Improved YOLOv5 with Attention Mechanism for Defect Detection in Solar Panels

In recent years, the rapid development of the global economy has heightened concerns about environmental pollution, leading to an increased focus on renewable energy sources. Among these, solar energy stands out as a clean and sustainable option, driving significant growth in the photovoltaic (PV) power generation industry. Solar panels, which convert sunlight into electricity, are the core components of PV systems, and their quality directly impacts energy conversion efficiency and circuit safety. However, solar panels are often installed in harsh outdoor environments, such as deserts and戈壁, where they are exposed to weather conditions like wind, rain, and snow, leading to defects such as cracks, black cores, thick lines, finger interruptions, and star cracks. These defects can reduce power output and pose safety risks, making defect detection crucial for maintaining system performance and longevity.
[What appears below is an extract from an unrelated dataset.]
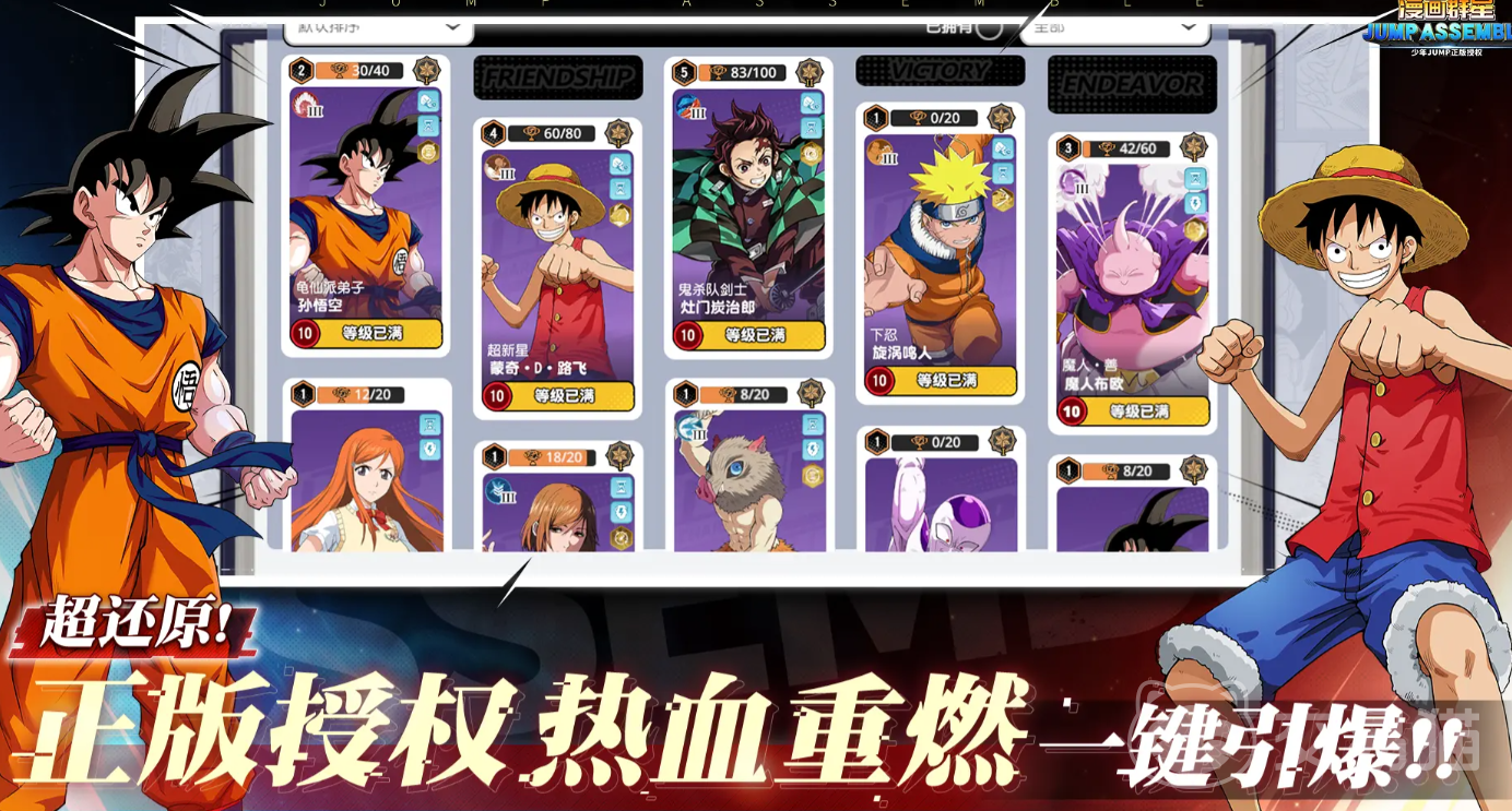 游戏内置的所有英雄角色,都是来源于日系的动漫角色,其中所有的本命英雄,不只是有漩涡鸣人、虎杖悠仁、路飞等等角色,也有许多的强大隐藏角色,等待玩家解锁,

Traditional defect detection methods for solar panels rely on manual inspection, which is time-consuming, costly, and prone to human error. Therefore, machine vision-based approaches have gained prominence. These methods typically use infrared imaging techniques, including infrared thermal imaging (IRT) and electroluminescent (EL) imaging. While IRT allows non-contact, long-distance inspection, it suffers from low resolution and slow imaging speeds, limiting its ability to detect internal defects accurately. In contrast, EL imaging involves applying a forward bias to solar panels to generate near-infrared light, with defects appearing as shadows in the images. EL offers high resolution, fast imaging, and precise defect classification, making it more suitable for detailed inspection. Consequently, this paper focuses on using EL images for defect detection in solar panels.

In the field of machine vision, object detection algorithms are broadly categorized into two-stage and single-stage methods. Two-stage algorithms, such as Region-based Convolutional Neural Networks (R-CNN) and Fast R-CNN, achieve high accuracy but are computationally intensive. Single-stage algorithms, like the You Only Look Once (YOLO) series and Single Shot Multibox Detector (SSD), offer a better balance between speed and accuracy, making them ideal for real-time applications. Among these, YOLOv5 has emerged as a popular choice due to its compact size, high precision, and fast inference speeds. However, existing studies indicate that standard YOLOv5 may still suffer from missed detections and reduced accuracy when handling multiple defect types in solar panels, especially for small or overlapping defects. To address these limitations, this paper proposes an improved YOLOv5 algorithm that integrates an attention mechanism, specifically the Efficient Channel Attention (ECA) module, into the backbone network. This enhancement aims to boost feature representation, improve detection precision, and reduce false negatives, all while maintaining computational efficiency.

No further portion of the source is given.